[Start of Attachment]

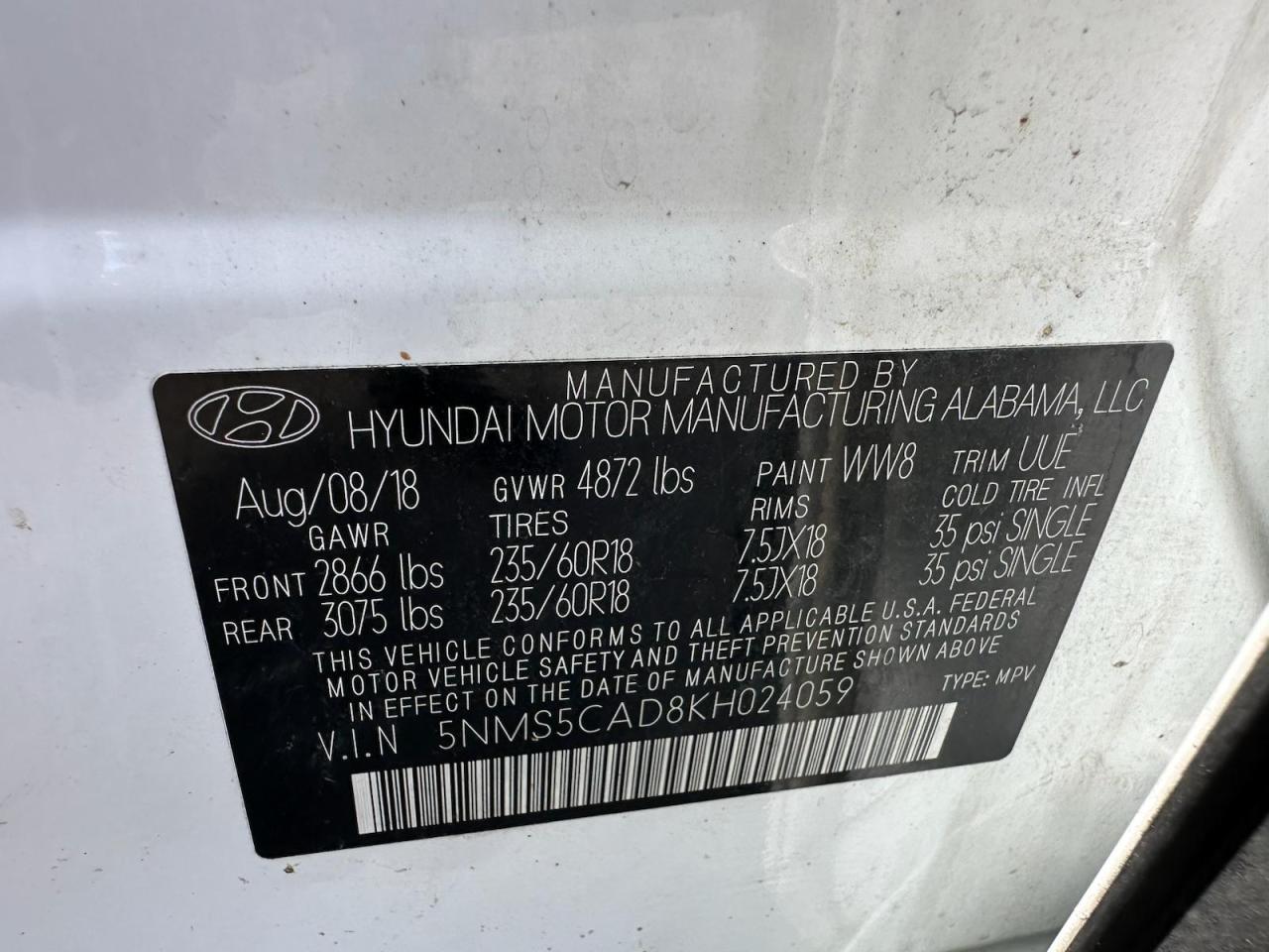 2019 HYUNDAI SANTA FE - 5NMS5CAD8KH024059, цвет - Белый, 2.4, Бензин, Полный привод из США
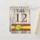 If you are having a rustic country wedding, and if beautiful yellow roses will be your primary flowers, then why not carry the look right over onto your wedding invitations and other assorted stationery? This truly gorgeous shabby chic, rustic wood grain, old barn wood look wedding table number post card has a PRINTED burlap strip with a PRINTED yellow satin ribbon on it that matches the wedding invitation shown below. There is a yellow rose with green leaves atop the ribbon. Perfect for your casual or informal rustic country spring, summer, fall, or winter wedding reception. ****You MUST change the number 12 to each number that you need, add it to your cart, then return and repeat the process for all the numbers you need.****PLEASE NOTE that everything will print as it appears on your monitor, so if you have typos, alignment, or sizing issues, please contact me for help BEFORE you order. I can't help with anything once the order has been placed with Zazzle. If you would like a different flower or colour combination, or if you need any other matching items, please email niteowlstudio@gmail.com.
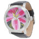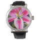 ホットピンクのユリの花の水の色ポップ・アートののアートフラワー 腕時計
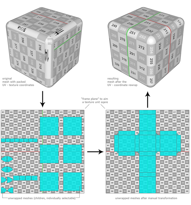 Use: Unwraps a mesh or render mesh to the user definable frame plane. The frame plane is a single mesh quad positioned behind the unwrapped objects to show the assigned texture.
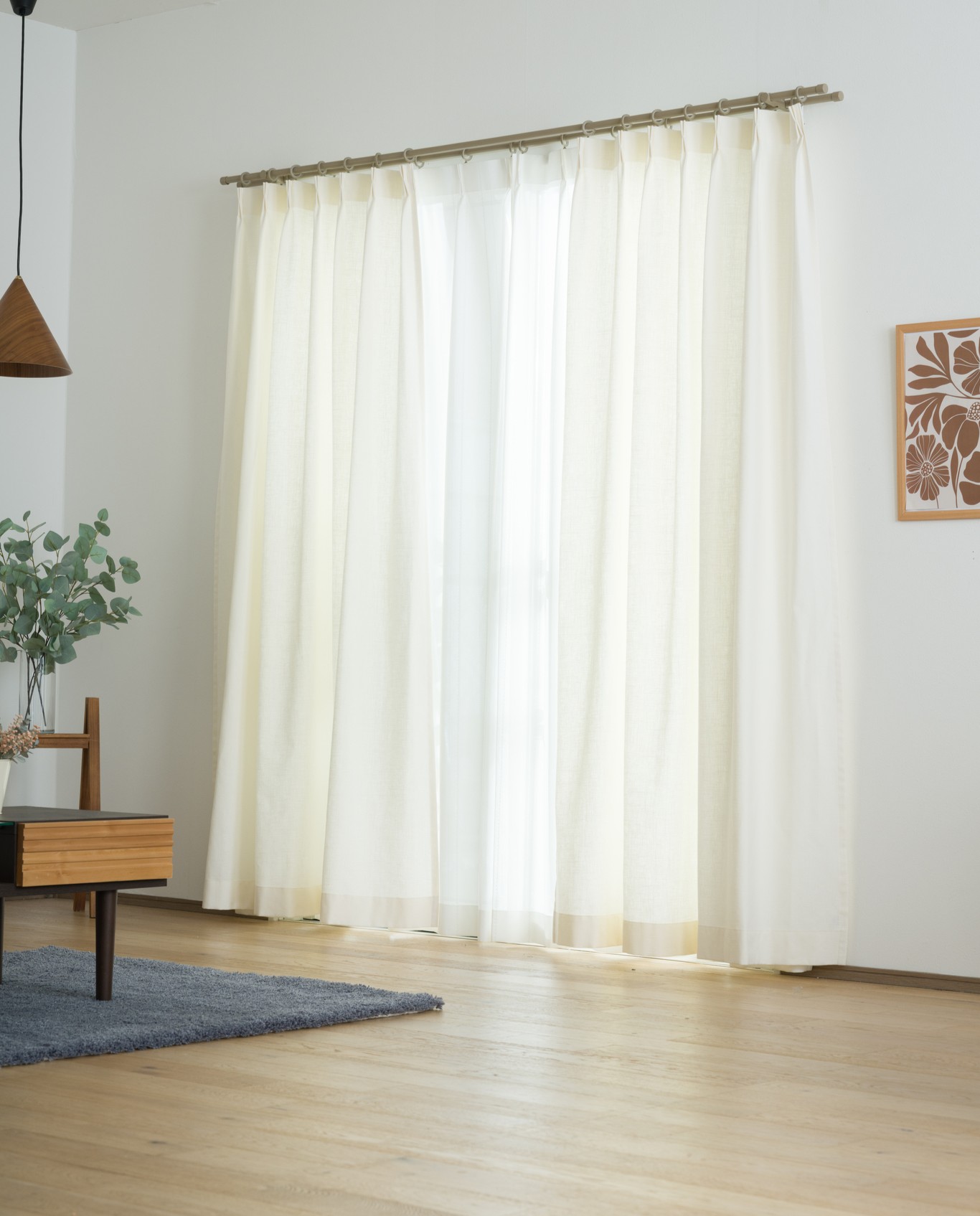 クリーム色は、乳白色に黄色が少し混ざった優しいカラー。クリーム色のカーテンは、お部屋にやわらかな明るさと安心感をもたらしてくれるのが大きな魅力です。

[End of Attachment]

> _WHAT NEEDS TO BE DONE_: Could you repeat exactly the lines from the one containing "ホットピンクのユリの花の水の色ポップ・アートののアートフラワー 腕時計" through the last line of the records, both included, without the pictures?

> _WORKED SOLUTION_:
 ホットピンクのユリの花の水の色ポップ・アートののアートフラワー 腕時計
 Use: Unwraps a mesh or render mesh to the user definable frame plane. The frame plane is a single mesh quad positioned behind the unwrapped objects to show the assigned texture.
 クリーム色は、乳白色に黄色が少し混ざった優しいカラー。クリーム色のカーテンは、お部屋にやわらかな明るさと安心感をもたらしてくれるのが大きな魅力です。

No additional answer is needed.